Over the succeeding centuries the sleepy little village of Dry Harbour was content for many of those years with mini-shipping activities for agricultural products. At one time it boasted a British military barracks (established in 1777) on the eastern point of the harbour. There were also several large estates in the vicinity, including Hopewell Penn, where we are told “a very tolerable claret was yet made from fine grapes near Dry Harbour”.

In 1956 Kaiser Bauxite purchased Discovery Bay Estates and opened Puerto Seco Beach to the public. During that period of ownership the beach not only earned a reputation as the best public beach in Jamaica, but it was a stellar attraction for Jamaicans and visitors from all over the world.

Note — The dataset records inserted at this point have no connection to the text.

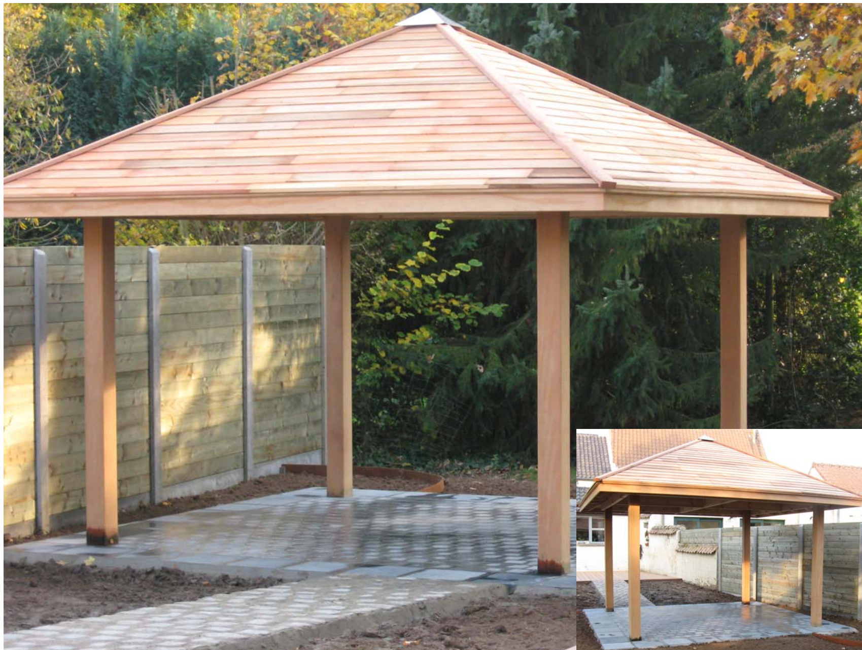
Tonnelle (Pergola) en sapin rouge du Nord, couverture en bardage de Cèdre.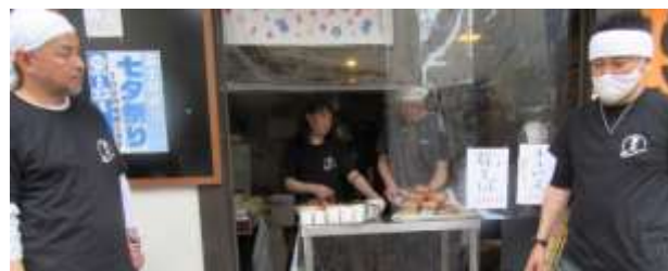
(10) 花の店けむりやま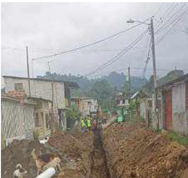
8 JUNIO – 2022. EXCAVACIÓN POR EXTENSION DE TUBERIA DE ALCANTARILLADO SANITARIO, CALLE MANUEL CARCHI ENTRE JAIME CABRERA Y RICARDO ESPINOZA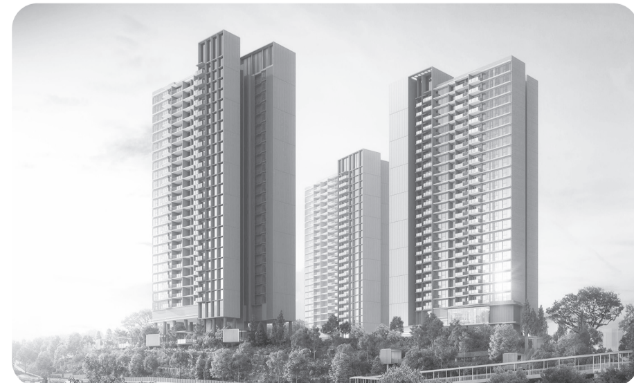
Nava Grove, terletak di kawasan hijau Pine Grove, Singapura.

Aksesibilitas yang sangat baik ini menjadikan Nava Grove pilihan ideal bagi para profesional yang bekerja di kota, serta bagi keluarga yang sedang mencari hunian di lokasi terbaik. ● vit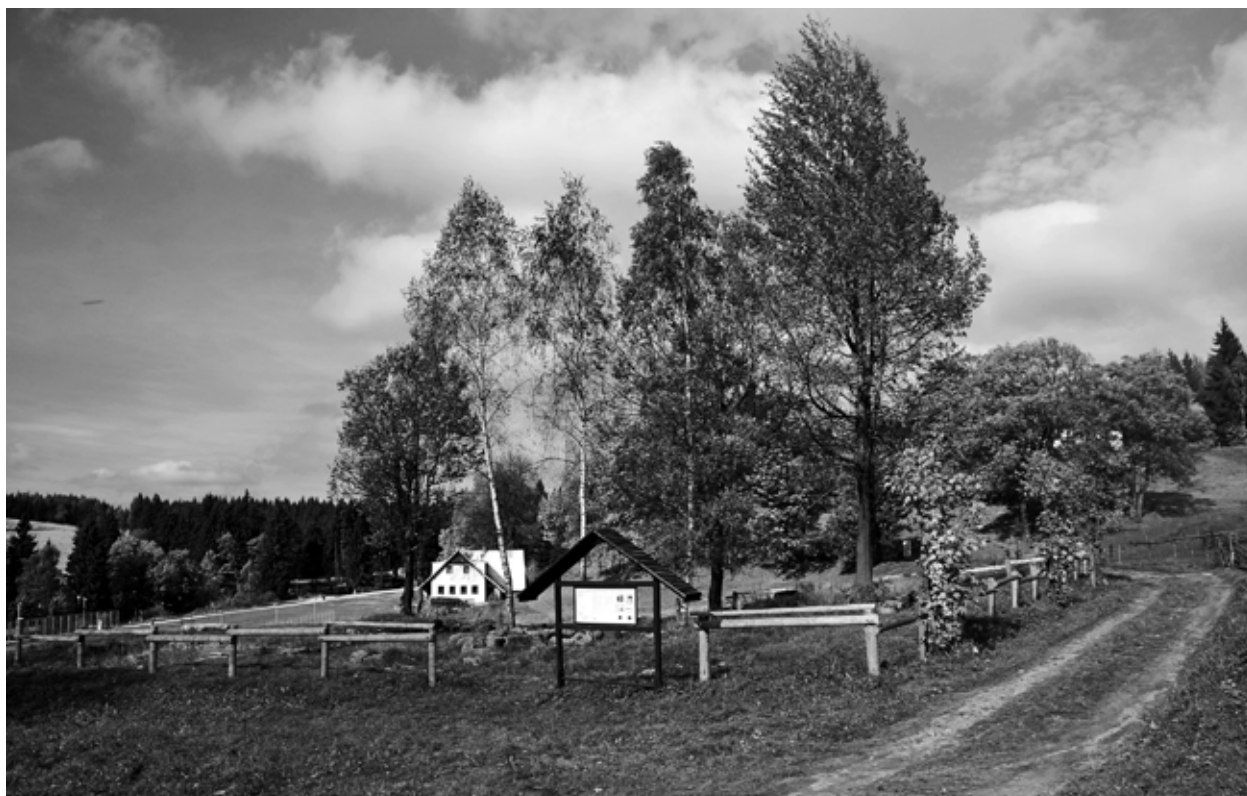
Obr. 4: Bedřichov – sklárna, okr. Jablonec n. N. Pohled areál odkrutých relikvů sklárny. Foto autor, 2010.

Relikty soustavy polního opevnění jsou první kulturní památkou tohoto druhu v Libereckém kraji. Soustava opevnění a záseků, které se nacházejí na k. ú. Lukášov (parc. č. 154, 158), Kunratice u Liberce (parc. č. 294/6, 356, 357, 50/2) a Vratislavice nad Nisou (parc. č. 1161/1, 1161/2), je velmi dobře zachována a je jedním z mála dochovaných archeologizovaných dokladů válečných akcí 2. poloviny 18. století na Liberecku a Jablonecku (Obr. 5). Význam nálezů sestávajícího ze šesti zjištěných dělostřeleckých pevností a záseků je právě v zachycení jejich systému v konfiguraci krajiny. Jejich strategickou důležitost potvrzuje i velmi přesné zakreslení do listu 1. vojenského mapování. Nejedná se tedy pouze o jednotlivosti, ale o ucelený systém opěrných bodů dokládající defenzivní vojenskou taktiku 2. poloviny 18. století. Nejpravděpodobnějším časovým zařazením vzniku nalezených polních opevnění je tzv. válka o dědictví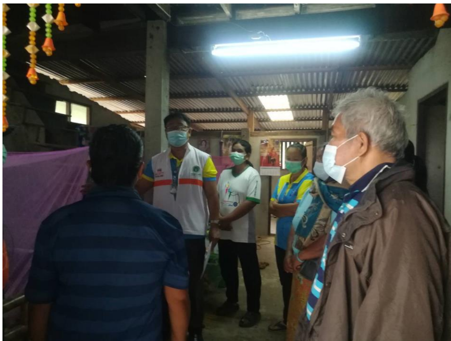
ภาพที่ 7 คณะผู้วิจัยและทีมสหสาขาวิชาชีพติดตามเยี่ยมบ้านผู้ป่วยจิตเภทรายอื่นร่วมกับเครือข่าย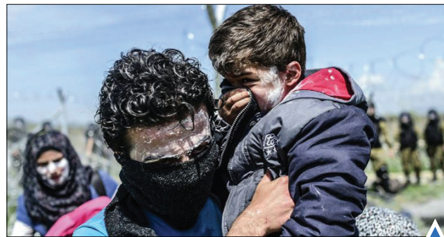
مخاطبات در برابر گاز اشک‌آور پلیس با خمیردندان در جریان اعتراض به بازتشدن مرز در یونان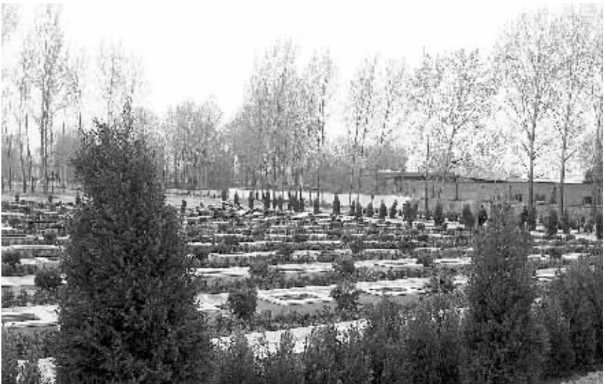
正在修建中的太康县烈士陵园

康县民政局相关负责人介绍，等陵园真正建好后，那些分布在全县各乡镇的烈士墓，将陆续搬迁到陵园中，进行统一管理维护，对于那些不适合迁移到陵园中的烈士墓，也将就地进行保护。 “太康县是革命老区，可一直没有一个烈士陵园，现在好了，太康县也建烈士陵园了，今后，我们对孩子进行爱国主义教育，又多了一个好的场所！”听说太康县正在建设烈士陵园的消息后，不少太康居民这样称赞。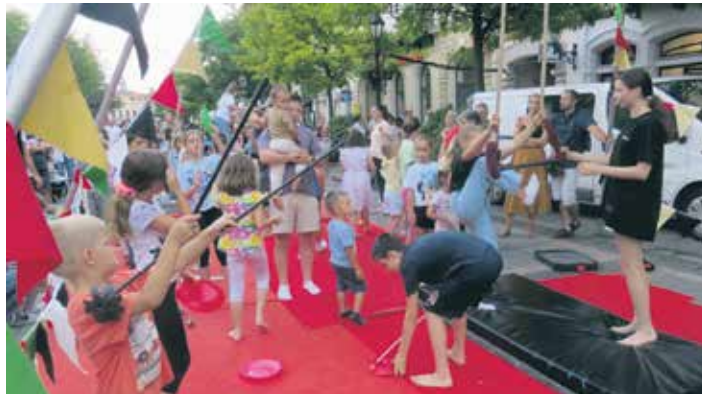
Чланови „Креативног погона“ учили малишане циркуским вештинама

Ко се то вече затекао на сомборском корзоу, могао је да уочи и оригиналне непомичне људске статуе и да се крај њих фото-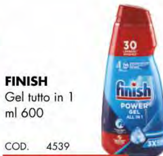
FINISH Gel tutto in 1 ml 600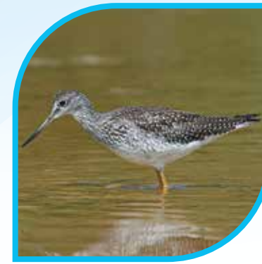
♀ Grand Chevalier Greater Yellowlegs Tringa melanoleuca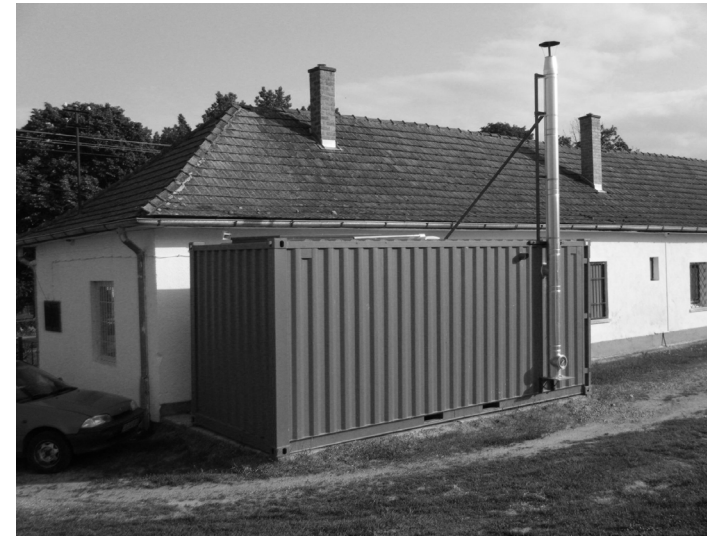
Biokazán az önkormányzat épülete mögött

A beépítés jellemzően (néhány kortárs kivételtől eltekintve) oldalhatáron álló, változó előkerttel, vagy anélküli. Nyim egyes pontjain párhuzamos telepítésű ház is megjelenik, (3 esetben) azonban ezek ritka kivételeknek tekinthetők. A szabadon álló házak a legújabb beépítés esetén jöttek létre, ebben az esetben többször előfordult az, hogy a régi lakóépület mögött sorakozó gazdasági épületek helyére építették az új lakóépületet, majd a régit elbontották (Petőfi utca).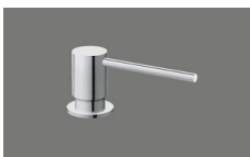
> Weblink 40.001.314.00 / CHF 155.- Dispenser Nano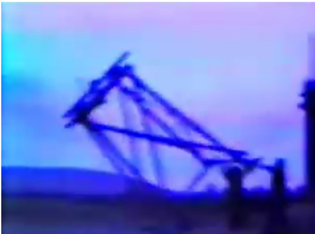
Хрватски војници уништавају звоник у Пребиловцима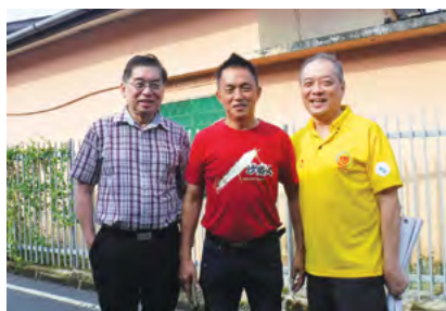
与国萍宗长合影留念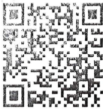
ГРАФИК ПЛАТЕЖЕЙ* к договору (контракту) от 18.11.2022 г. № 57

между MCHJ GIGO PLUS и Янги Наманган туман ХТБ Марказ на общую сумму 66807000,00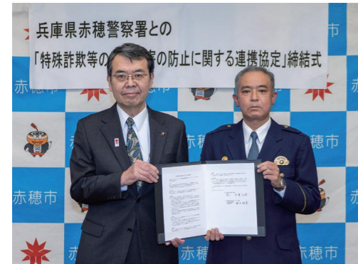
令和4年12月22日に協定締結式が開催されました。(赤穂市役所)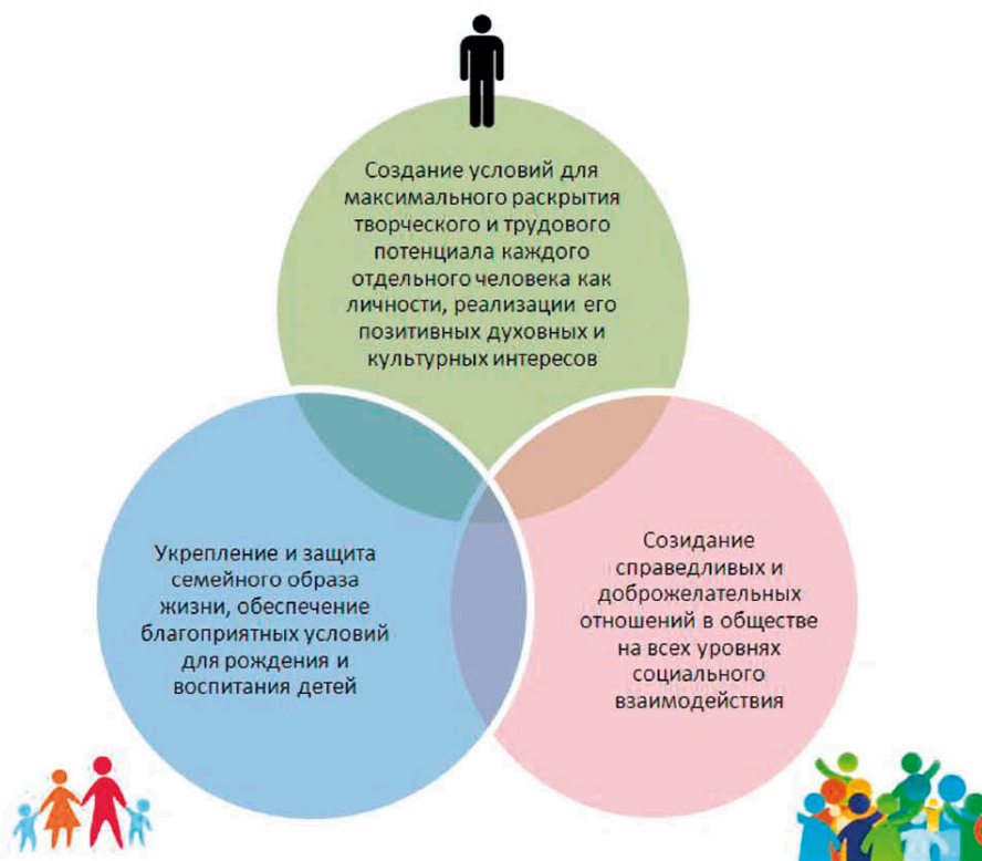
Рисунок 2. В качестве приоритетных направлений политики достижения духовно-нравственного благополучия населения могут быть обозначены следующие:

озабоченность граждан проблемами психологического климата в стране и понимание необходимости положительных преобразований в данной сфере.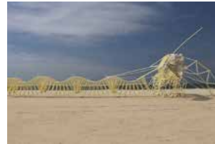
《アニマリリス・ムルス》2017年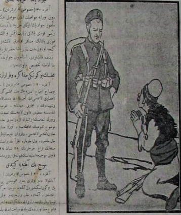
ب قق گره مکر اکر ابریمک بر ستره

فلسفه قضاسی ملت مجلسه کوندر دوی بر فرنده ارجاعی ستره نفسج ایتیمه ونج سعیدی در دست ایده بیک ابر طافان ویره جانی یلدر بر ستره. نفران بوگون مجلسه افزونه مقدر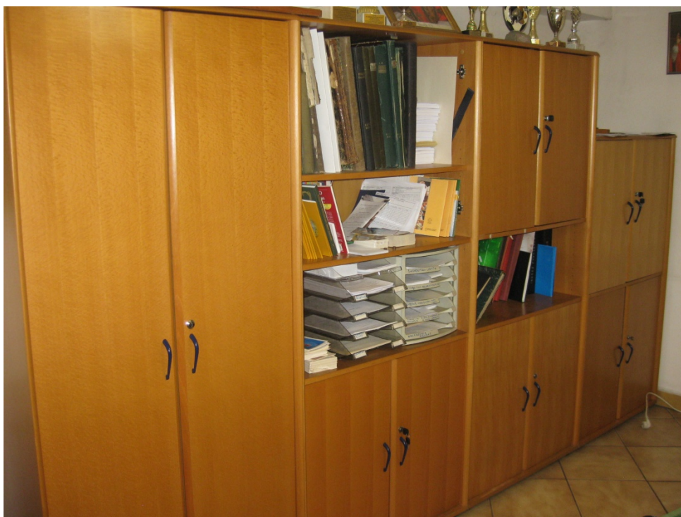
Zdjęcie 1. Archiwum parafialne w Zielonkach w czerwcu 2021 r.

Udało się zrealizować wszystkie zamierzone działania, które pokrótce tu przedstawimy. Po podpisaniu niezbędnych umów przystąpiono do utworzenia na naszej plebanii pracowni archiwistycznej, którą zlokalizowano w dawnym pokoju ks. kanonika Strączka. Przeniesiono tam wszystkie dokumenty archiwalne z kancelarii parafialnej. Przez dokumenty archiwalne należy rozumieć wszystkie te, które znajdowały się w kancelarii, a które nie są wykorzystywane do prowadzenia bieżącej działalności kancelarii.

On the western side of the bay, the company built and maintained Columbus Park — Jamaica's first open air historic museum. The park was built on the site where Columbus is said to have first set foot on Jamaican soil.

It was a popular site that attracted an average 600 visitors per day, and was considered a welcome stop for tourists travelling along the north coast.

The synergy between bauxite and tourism continued to develop when, in the 1970s, Kaiser introduced and managed a tourism programme which marketed Jamaica as a destination among sister companies abroad. It was called Discover the Source, and encouraged employees from Kaiser companies overseas to visit our traditional attractions in Jamaica and to make the bauxite operation in St Ann a part of those attractions.

The synergy doesn't stop there. In 1976 the bauxite operations created the National Push Cart Derby, which in turn gave birth to the Jamaica bobsled entry into the Winter Olympics. The Jamaica bobsled, in turn, gave birth to the Walt Disney record-breaking movie Cool Runnings, which remains a major tourism booster for Jamaica and St Ann.

All these non-bauxite activities remind me of a cartoon cover on a company magazine some years ago which portrayed the company involved in tourism, Columbus Park, cricket, Puerto Seco, push cart derby, with the punch line, “and they still find time to mine bauxite”.

After all these years, tourism and bauxite are still the leading drivers of our economy. And Manley was right about the huge benefits that would accrue to the area from “bauxite in partnership with tourism”.

As Auntie Roachy used to say, “Nuh dash way yuh 'tick before you dun crass river”.